Выбрать главу

23 июля я дал В. И. Ленину следующую телеграмму:

«Согласно желанию главкома и члена Реввоенсовета Гусева сегодня выезжаю Западный фронт для ознакомления положением дел на местах».

В тот же день мой вагон был прицеплен к поезду нового главнокомандующего; в хвосте поезда шел и вагон с моим испытанным личным конвоем из 5-го Латышского стрелкового полка.

Штаб Западного фронта неприятно поразил всех нас, приехавших с главкомом, своей крайней многочисленностью, достигавшей нескольких тысяч сотрудников, обилием не оправдавших себя управлений, отделов, отделений и комиссий, словом, той бюрократической суетой, которая нетерпима на фронте.

Командующий фронтом Егоров как-то тонул в этом малолюдном потоке и не столько командовал, сколько играл роль своеобразного прокурора, возражавшего и противодействовавшего сыпавшимся на него оперативным «прожектам». Создавалось впечатление, что войсками пытаются управлять в штабе фронта все, кому только не лень заняться этим делом…

В Калуге, где в это время находился штаб Западного фронта, мы пробыли всего четыре часа. Главком, насколько успел, дал Егорову свои указания, относившиеся к делам второстепенным; по основным же вопросам приказано было ждать последующих директив…

Вместе с главкомом поздно вечером мы вернулись в поезд и ночью двинулись в Симбирск, где стоял штаб Восточного фронта. Между станциями Рузаевка и Инза наш поезд только чудом избежал крушения. На одном из разъездов, где никакой остановки не предполагалось, идущий полным ходом состав был пущен почему-то на запасный боковой путь. Рельсы этого пути оказались едва закрепленными, и вдруг мой вагон сделал какой-то прыжок, с силой накренился сначала в одну, потом в другую сторону и, неожиданно выправившись, проскочил на рельсы главного пути.

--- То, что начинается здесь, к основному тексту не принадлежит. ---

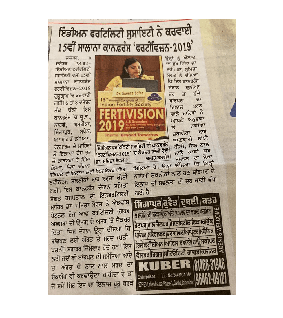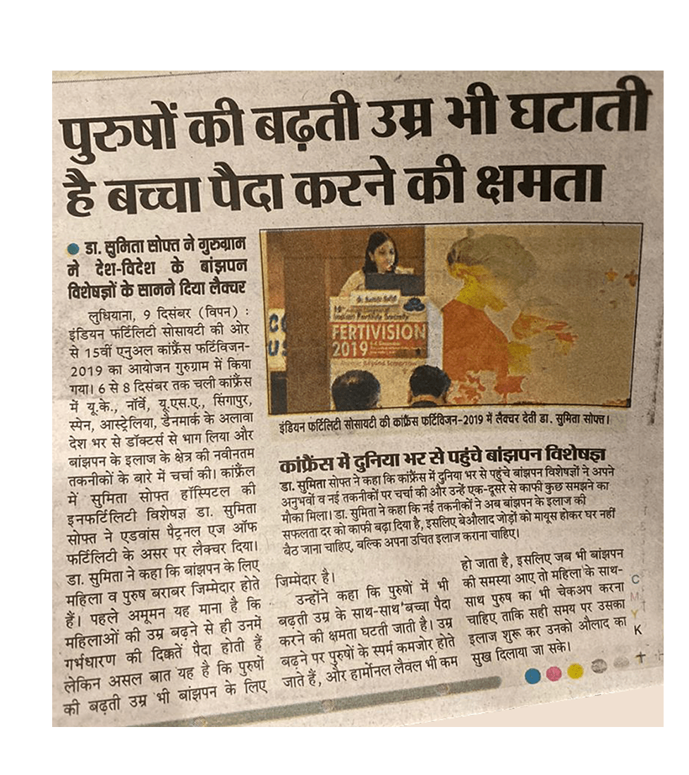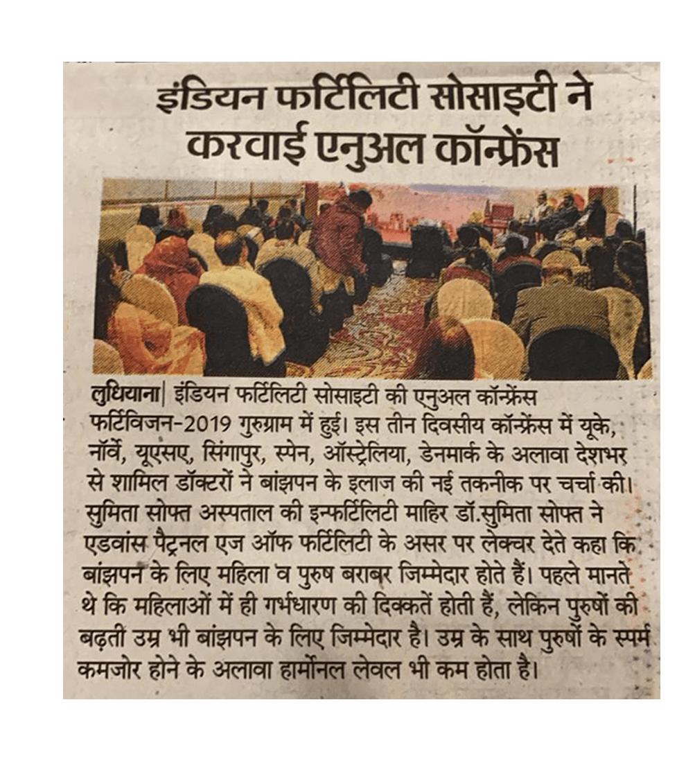 एनुअल कॉन्फ्रेंस फ्रटिवीजन 7 दिसंबर से 9 दिसंबर तक गुरुग्राम में आयोजित किया गया था जिसमें यूके, नॉरवे, यूएसए, स्पैन के अलावा, दुनिया भर के डॉक्टर ने उस कार्यक्रम में भाग लिया जहां उन्होंने बांझपन और उन्नत प्रौद्योगिकी उपचार के बारे में चर्चा की। डॉ. सुमिता सोफत ने एडवांस पैट्रनल एज ऑफ़ फर्टिलिटी के बारे में एक व्याख्यान दिया, जिसमें उन्होंने बताया कि पुरुष और महिलाएं बांझपन के लिए समान रूप से जिम्मेदार हैं।
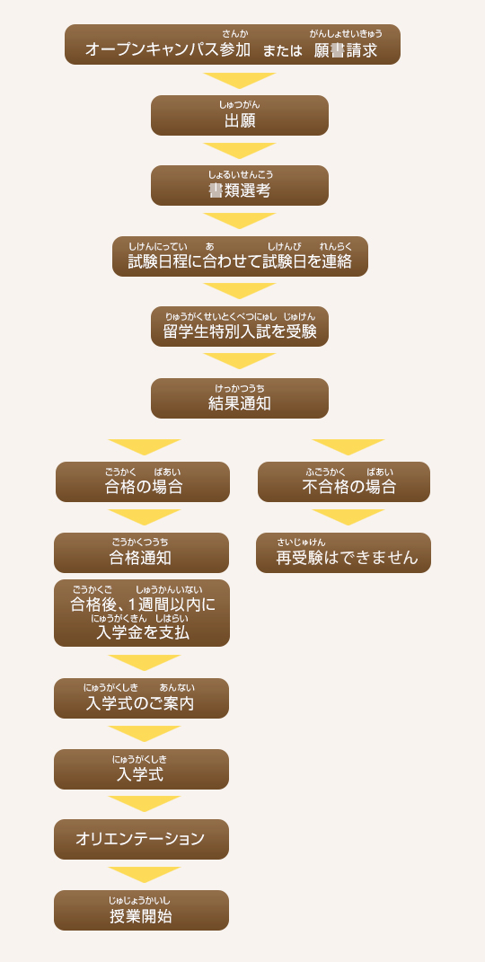※「留学生特別入試」の受験に関しましては、いずれか1回のみとなっております。不合格の際の再受験は通常入試による受験となります。

Опытный конвой, заподозрив диверсию, бросился на площадку и к окнам. Выяснилось, что под тяжестью поезда выломался рельс; но инерция быстрого движения спасла поезд… Остановив состав, я произвел расследование. Начальник разъезда давал путаные объяснения, и трудно было понять, сделал ли он случайную ошибку или действительно хотел вызвать крушение поезда главкома. Арестовать его было нельзя — остался бы оголенным разъезд, и я ограничился тем, что записал фамилию подозрительного железнодорожника и телеграфировал о происшествии Наркому путей сообщения.

В Симбирск наш поезд пришел рано утром. К этому времени должен был подойти и пароход с командующим Туркестанским фронтом М. В. Фрунзе. Пароход запоздал, и мы с Каменевым прошли в штаб.

Штаб здесь производил впечатление намного лучшее, нежели в Калуге, но, подобно Западному фронту, явно был перенасыщен сотрудниками.

Положенный доклад о положении на фронте сделал Лебедев, занимавший должность начальника штаба. Сергей Сергеевич объявил ему о новом назначении и предложил переехать в наш поезд.

Примерно в час дня в штаб прибыл Фрунзе. Михаила Васильевича я видел впервые, и он сразу привлек меня своим открытым взглядом и обросшим курчавящейся бородой простым русским лицом. Командующего Туркестанским фронтом сопровождал конвой, почему-то одетый в ярко-красные шелковые рубахи при черных штанах.

Эта наивная пышность никак не вязалась ни со скромными манерами Фрунзе, ни со всем его обликом профессионального революционера, и я отнес ее за счет необходимости хоть чем-нибудь удовлетворить восточную тягу к парадности и украшениям.

С отозванием Каменева Михаил Васильевич принимал Восточный фронт. Деловые разговоры, однако, были непродолжительны, и очень скоро Лебедев пригласил нас на необычно обильный по тому времени обед в занятой под постой чьей-то буржуазной квартире.

После обеда по предложению Каменева я выехал с ним для осмотра расположенных в казармах пехотных частей гарнизона. Порядок в казармах оказался на должной высоте, дежурные всюду подходили с рапортом, что было еще диковинкой в Красной Армии…

Вечером мы оставили Симбирск и только на третьи сутки прибыли в Петроград. В Смольный, куда мы отправились с вокзала, было вызвано командование Северного фронта и 6-й армии, действовавшей на архангельском направлении.

По приезде в Москву я вернулся в Высшее Геодезическое управление и очень скоро убедился, что в нем царит полный хаос. Выдвинутый мною на пост руководителя профессор Соловьев оказался никудышным администратором, перессорился со всеми сотрудниками, завел никому не нужную, но по своим размерам чудовищную склоку и только и делал, что разваливал ВГУ.